§ **DATASET SECTION**:
========
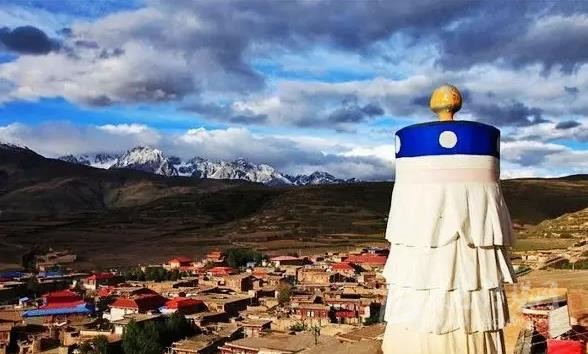 沿著甘孜縣城門向東南一望,一座37米高的大寶塔便呈現(xiàn)在你的眼前,寶塔其底三層寶座均北京天壇祈年殿座底比列大小而建。雄偉壯觀。
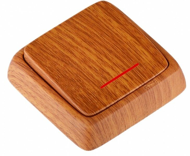 Выключатель одноклавишный наружный с изоляционной пластиной индикацией дуб 16А - ВА16-114-05 HEGEL
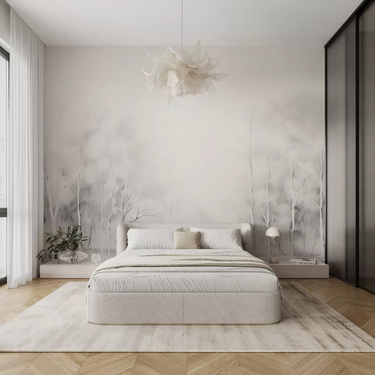 Fototapetes Koki miglā akvareļu stilā uz silta fona Nr. w08875
========
§ **EXERCISE DESCRIPTION**: Only the listing above, set down exactly and without pictures, belongs in the answer.

§ **TASK RESPONSE**:
 沿著甘孜縣城門向東南一望,一座37米高的大寶塔便呈現(xiàn)在你的眼前,寶塔其底三層寶座均北京天壇祈年殿座底比列大小而建。雄偉壯觀。
 Выключатель одноклавишный наружный с изоляционной пластиной индикацией дуб 16А - ВА16-114-05 HEGEL
 Fototapetes Koki miglā akvareļu stilā uz silta fona Nr. w08875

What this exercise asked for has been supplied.